Classical motion is determined by canonical equations (principle of least action), while the QM Hamiltonian is constructed in such a way as to satisfy Schroedinger's equation (it is not derived from the principle of least action).

Indeed, Liouville's equations follow directly from the canonical equations of motion resulting from an action extremizing principle, now understood to be a classical limit of QM, after the 1933 insight of Dirac, p 69, and codified in Feynman's path integral formulation, the celebrated small $\hbar$ limit. 
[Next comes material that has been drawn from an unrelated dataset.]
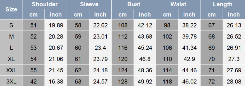 1. Asian sizes are 1 to 2 sizes smaller than European and American people. Choose the larger size if your size between two sizes. Please allow 2-3cm differences due to manual measurement.
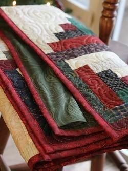 アメリカの作家さんが手作りした少し大きめの壁掛けキルト。バーガンディやネイビーなど渋めのカントリーカラーで「Log Cabin」のパッチワークにミシンキルティングで丁寧に仕上げています。キルトバー通し付き。

Strangely, and rather disconcertingly, Schroedinger's equation can also be derived from a well-known extremization of $\int dt dx ~\psi^*(x,t) (i\hbar \partial_t -H) \psi(x,t)$, even though no such destructive interference limit is involved!(?) I have wondered about it for a long time, and concluded, possibly wrongly, that it is a "fluke", namely the trivial fact that any linear equation amounts to the extremum of a quadratic Hermitian form. But I really can't be sure. Can you?
A: $\bullet$ The wave function has information about both position and momentum, so in a sense you're right. But it's not particularly useful to count quantities in the way you do here: Write $X_\Psi:=(q,p),\ \nabla:=(\tfrac{\partial}{\partial q},\tfrac{\partial}{\partial p})$ and $\omega:=\begin{pmatrix} 0&1\\ -1&0 \end{pmatrix}$. Now your classical equation is $\dot X_\Psi=\omega \nabla H$, where $H$ and therefore also the vector $\omega \nabla H$ is a function of $X_\Psi$, and this is also just one equation for one quantity.
$\bullet$ Yeah, the wave function is viewed as a weighted deviation for the action principle for classical point particles. But for the one-particle wave function, the Schrödinger equation is just a field equation and this also has a Lagrangian, $\frac{\partial \mathcal{L}}{\partial \psi^{*}} - \left(\frac{\partial}{\partial t} \frac{\partial \mathcal{L}}{\partial\frac{\partial \psi^{*}}{\partial t}} + \sum_{j=1}^3
 \frac{\partial}{\partial x_j} \frac{\partial \mathcal{L}}{\partial\frac{\partial \psi^{*}}{\partial x_j}}\right) = 0$ with $\mathcal{L}\left(\psi, \mathbf{\nabla}\psi, \dot{\psi}\right) := \mathrm i\hbar\, \frac{1}{2} (\psi^{*}\dot{\psi}-\dot{\psi^{*}}\psi) - \frac{\hbar^2}{2m}  \mathbf{\nabla}\psi^{*}  \mathbf{\nabla}\psi - V( \mathbf{r},t)\,\psi^{*}\psi$. 
$\bullet$ These are the definitions, right. But both provide both, energy function an operator generating time developement. The function for the Hermitian operator maps $\psi$ to $\left\langle\phi\right|H\left|\phi\right\rangle$, see here, and the equations above provide a flow mapping a state at a time $t_i$ to a state at a time $t_f$.